(Supplied data)

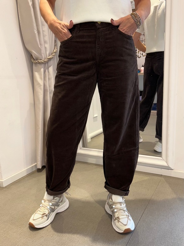Pantalone in velluto modello balloon con vita alta, tasche sul davanti e retro, chiusura con zip e bottone.
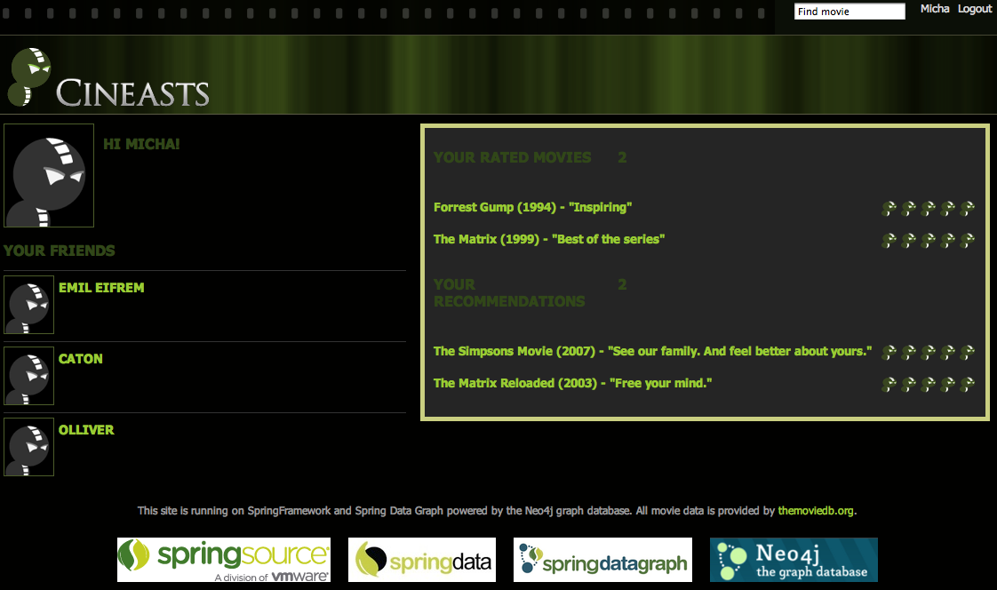 Any logged-in user was now available in the session, and could be used for all the social interactions. The remaining work for this was mainly adding controller methods and JSPs for the views. We used the helper method getUserFromSession() in the controllers to access the logged-in user and put it in the model for rendering. Here's what the UI had evolved to:
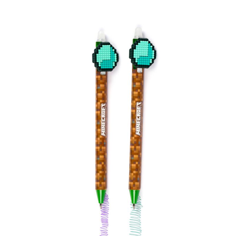 Set de 8 Bolígrafos Borrables con Tope de Silicona Minecraft
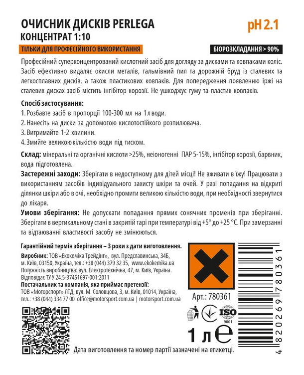 780361 Очисник колісних дисків PERLEGA 1 л концентрат (Україна)
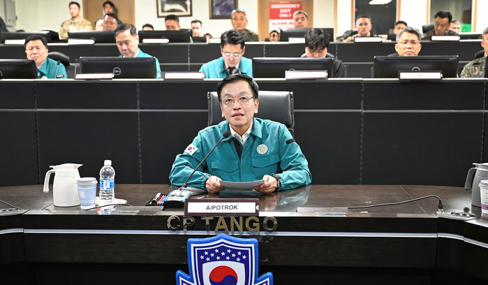 Acting President Choi Sang-mok (C, front) visits CP Tango, or Command Post Theater Air Naval Ground Operations, in Seongnam, south of Seoul, on March 18, 2025, in this photo released by the finance ministry. The visit came after South Korea and the United States' joint annual military exercise Freedom Shield kicked off March 10 for an 11-day run. (PHOTO NOT FOR SALE) (Yonhap)

(End Supplied data)

Your assignment: The pictures should be dropped, and every line above should be set down again exactly.

Expected output:
Pantalone in velluto modello balloon con vita alta, tasche sul davanti e retro, chiusura con zip e bottone.
 Any logged-in user was now available in the session, and could be used for all the social interactions. The remaining work for this was mainly adding controller methods and JSPs for the views. We used the helper method getUserFromSession() in the controllers to access the logged-in user and put it in the model for rendering. Here's what the UI had evolved to:
 Set de 8 Bolígrafos Borrables con Tope de Silicona Minecraft
 780361 Очисник колісних дисків PERLEGA 1 л концентрат (Україна)
 Acting President Choi Sang-mok (C, front) visits CP Tango, or Command Post Theater Air Naval Ground Operations, in Seongnam, south of Seoul, on March 18, 2025, in this photo released by the finance ministry. The visit came after South Korea and the United States' joint annual military exercise Freedom Shield kicked off March 10 for an 11-day run. (PHOTO NOT FOR SALE) (Yonhap)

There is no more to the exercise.